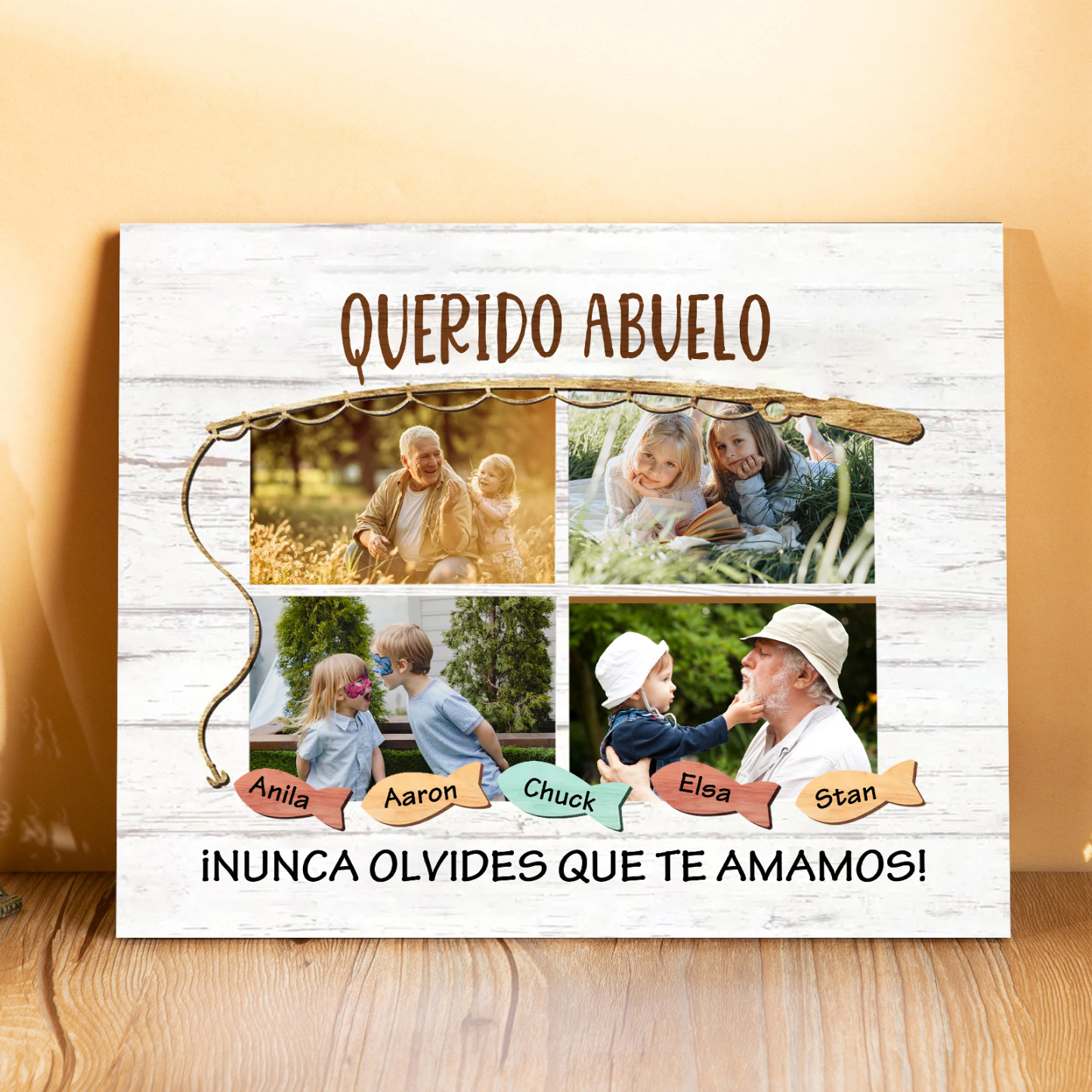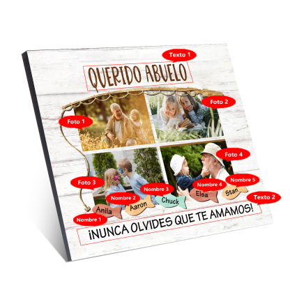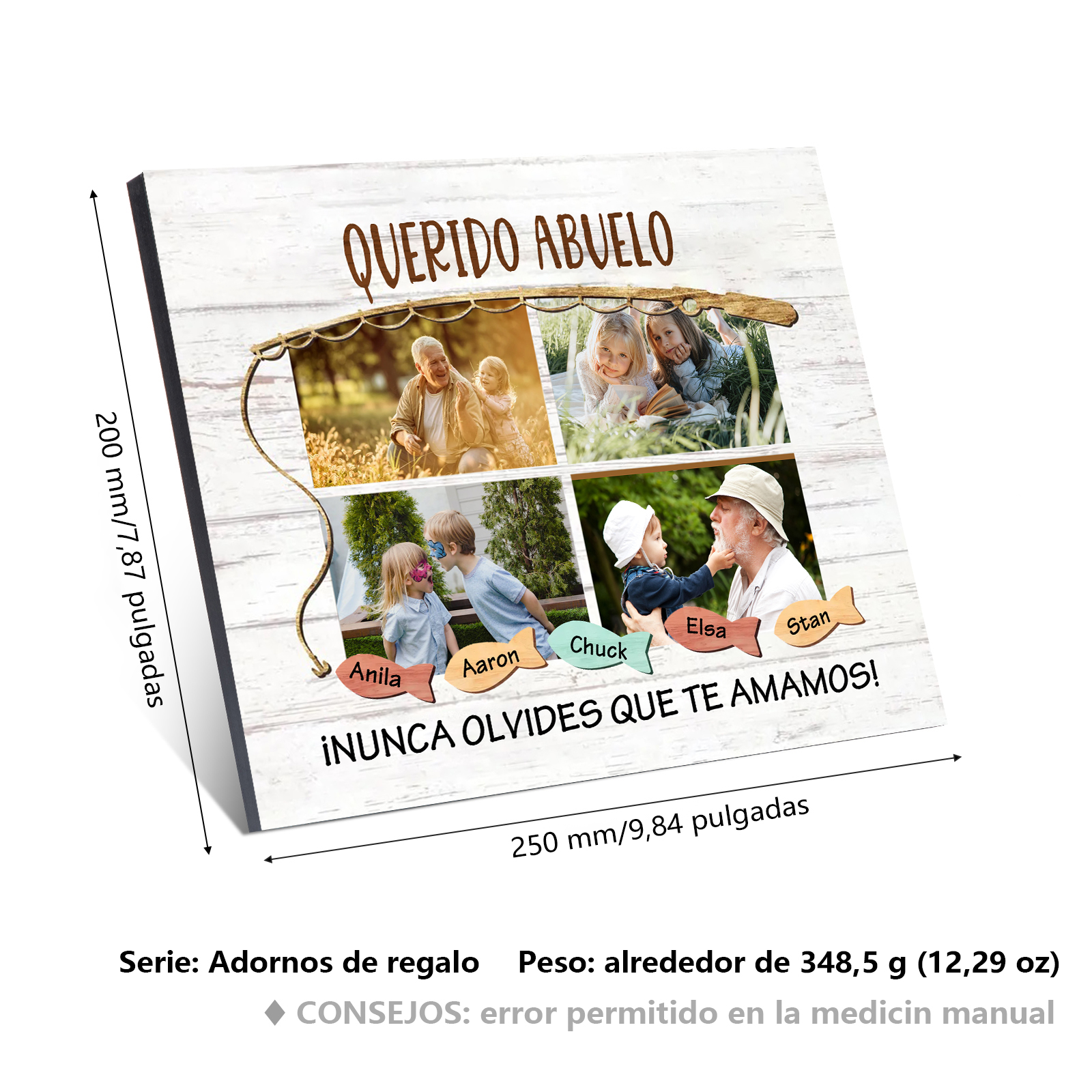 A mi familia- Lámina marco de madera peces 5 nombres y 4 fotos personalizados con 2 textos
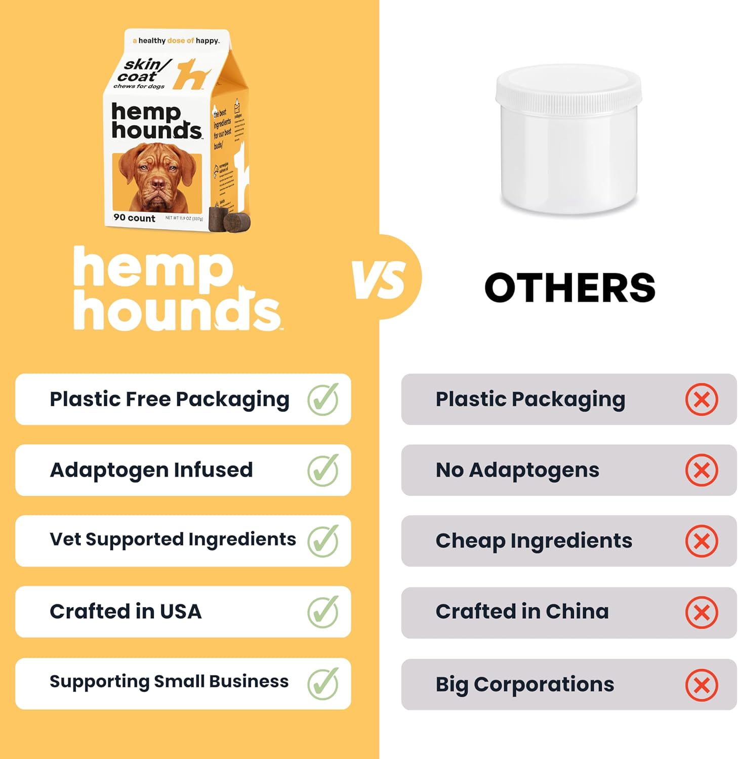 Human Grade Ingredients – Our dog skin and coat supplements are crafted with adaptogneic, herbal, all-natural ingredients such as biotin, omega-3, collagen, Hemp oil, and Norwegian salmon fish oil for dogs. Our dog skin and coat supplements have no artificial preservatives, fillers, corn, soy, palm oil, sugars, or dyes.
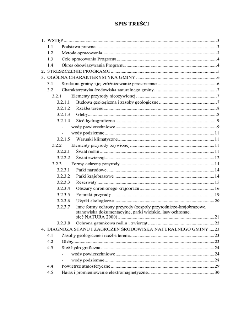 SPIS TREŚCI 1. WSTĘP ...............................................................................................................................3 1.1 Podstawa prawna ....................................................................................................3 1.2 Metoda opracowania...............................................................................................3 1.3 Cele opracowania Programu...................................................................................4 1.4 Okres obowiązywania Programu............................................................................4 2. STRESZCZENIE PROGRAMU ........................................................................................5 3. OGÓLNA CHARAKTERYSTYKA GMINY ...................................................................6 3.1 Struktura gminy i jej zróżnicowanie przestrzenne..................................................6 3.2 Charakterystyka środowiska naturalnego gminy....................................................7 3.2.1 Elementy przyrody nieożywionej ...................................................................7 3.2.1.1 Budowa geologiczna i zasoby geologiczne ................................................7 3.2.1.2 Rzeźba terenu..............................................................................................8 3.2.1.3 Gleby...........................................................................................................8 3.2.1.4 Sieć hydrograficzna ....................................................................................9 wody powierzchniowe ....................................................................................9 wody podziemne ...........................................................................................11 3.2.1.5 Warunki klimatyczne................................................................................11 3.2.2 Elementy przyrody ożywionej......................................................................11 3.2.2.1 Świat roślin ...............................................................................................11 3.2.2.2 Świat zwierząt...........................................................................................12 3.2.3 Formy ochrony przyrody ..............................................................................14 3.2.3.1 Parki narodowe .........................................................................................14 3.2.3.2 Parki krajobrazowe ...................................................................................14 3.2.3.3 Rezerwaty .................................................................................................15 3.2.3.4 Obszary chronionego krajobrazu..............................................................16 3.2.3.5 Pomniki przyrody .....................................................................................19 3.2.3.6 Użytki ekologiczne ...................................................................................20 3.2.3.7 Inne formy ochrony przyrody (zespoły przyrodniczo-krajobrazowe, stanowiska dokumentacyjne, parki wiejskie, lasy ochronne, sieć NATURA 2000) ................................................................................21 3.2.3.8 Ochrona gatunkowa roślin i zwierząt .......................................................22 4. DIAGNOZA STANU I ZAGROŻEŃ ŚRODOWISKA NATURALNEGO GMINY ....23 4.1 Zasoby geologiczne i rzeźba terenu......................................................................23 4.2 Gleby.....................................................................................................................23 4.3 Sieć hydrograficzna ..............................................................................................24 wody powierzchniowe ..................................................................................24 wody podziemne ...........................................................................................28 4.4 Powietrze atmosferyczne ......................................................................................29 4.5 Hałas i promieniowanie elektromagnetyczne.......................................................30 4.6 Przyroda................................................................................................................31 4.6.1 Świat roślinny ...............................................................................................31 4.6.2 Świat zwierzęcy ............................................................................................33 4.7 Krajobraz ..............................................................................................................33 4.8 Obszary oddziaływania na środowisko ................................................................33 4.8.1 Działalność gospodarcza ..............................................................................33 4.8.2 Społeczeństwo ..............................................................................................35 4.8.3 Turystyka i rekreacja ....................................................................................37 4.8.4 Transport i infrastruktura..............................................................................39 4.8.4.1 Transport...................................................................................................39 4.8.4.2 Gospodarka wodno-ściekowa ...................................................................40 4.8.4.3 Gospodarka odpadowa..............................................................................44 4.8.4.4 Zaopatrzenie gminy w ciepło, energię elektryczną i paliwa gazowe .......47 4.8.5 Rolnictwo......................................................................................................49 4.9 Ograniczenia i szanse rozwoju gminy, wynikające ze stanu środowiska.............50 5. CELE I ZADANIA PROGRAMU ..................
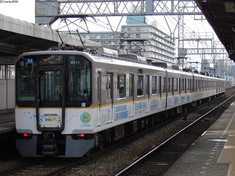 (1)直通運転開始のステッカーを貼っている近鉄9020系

--

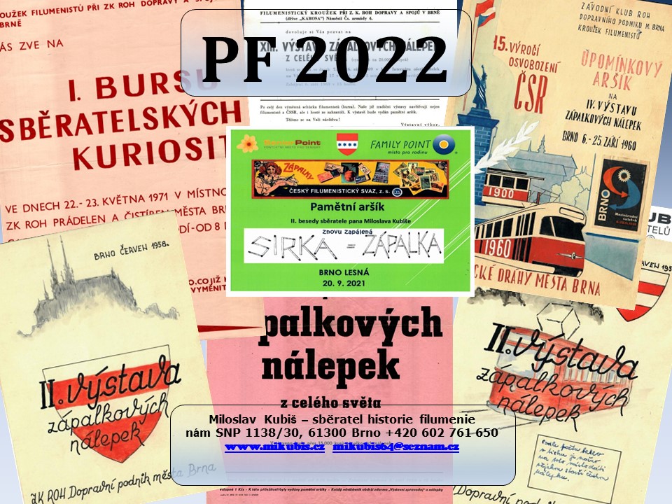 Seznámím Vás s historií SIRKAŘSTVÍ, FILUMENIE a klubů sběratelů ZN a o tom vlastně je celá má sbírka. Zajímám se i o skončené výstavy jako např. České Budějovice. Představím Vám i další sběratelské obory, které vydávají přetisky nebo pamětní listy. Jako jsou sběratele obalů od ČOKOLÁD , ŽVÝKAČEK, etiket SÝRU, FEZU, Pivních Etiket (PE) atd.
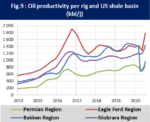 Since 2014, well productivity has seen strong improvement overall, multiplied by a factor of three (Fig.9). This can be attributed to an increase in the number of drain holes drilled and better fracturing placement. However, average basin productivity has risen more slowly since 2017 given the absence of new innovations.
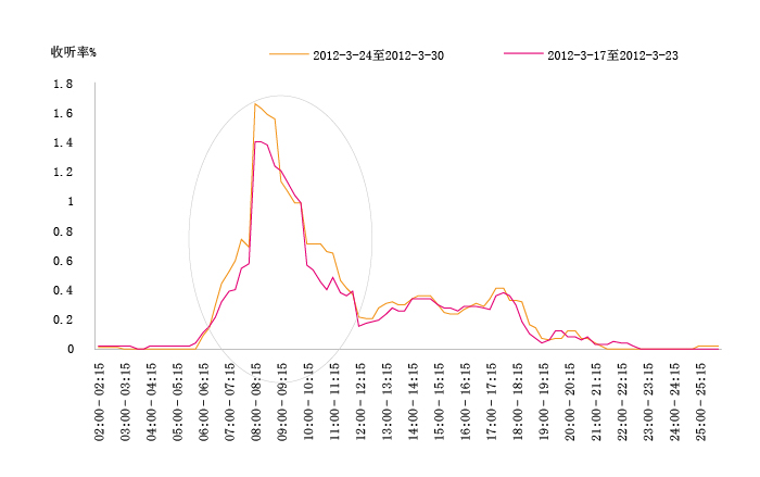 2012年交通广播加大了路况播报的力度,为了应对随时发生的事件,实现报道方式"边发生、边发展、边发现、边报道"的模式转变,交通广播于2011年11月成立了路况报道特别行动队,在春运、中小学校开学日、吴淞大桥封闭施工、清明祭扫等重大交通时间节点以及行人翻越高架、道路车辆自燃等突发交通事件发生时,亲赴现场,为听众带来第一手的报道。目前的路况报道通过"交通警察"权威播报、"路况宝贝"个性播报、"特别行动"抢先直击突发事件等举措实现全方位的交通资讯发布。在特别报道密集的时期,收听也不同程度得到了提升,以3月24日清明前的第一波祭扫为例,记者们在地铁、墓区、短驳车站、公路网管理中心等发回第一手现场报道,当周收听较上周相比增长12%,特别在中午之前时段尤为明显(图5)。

EXERCISE REQUIREMENTS: Look above for the line with "Since 2014, well" and the line with "2012年交通广播加大了路况". Copy them and every line between, exactly, but no pictures.

RESPONSE TO THIS EXERCISE:
 Since 2014, well productivity has seen strong improvement overall, multiplied by a factor of three (Fig.9). This can be attributed to an increase in the number of drain holes drilled and better fracturing placement. However, average basin productivity has risen more slowly since 2017 given the absence of new innovations.
 2012年交通广播加大了路况播报的力度,为了应对随时发生的事件,实现报道方式"边发生、边发展、边发现、边报道"的模式转变,交通广播于2011年11月成立了路况报道特别行动队,在春运、中小学校开学日、吴淞大桥封闭施工、清明祭扫等重大交通时间节点以及行人翻越高架、道路车辆自燃等突发交通事件发生时,亲赴现场,为听众带来第一手的报道。目前的路况报道通过"交通警察"权威播报、"路况宝贝"个性播报、"特别行动"抢先直击突发事件等举措实现全方位的交通资讯发布。在特别报道密集的时期,收听也不同程度得到了提升,以3月24日清明前的第一波祭扫为例,记者们在地铁、墓区、短驳车站、公路网管理中心等发回第一手现场报道,当周收听较上周相比增长12%,特别在中午之前时段尤为明显(图5)。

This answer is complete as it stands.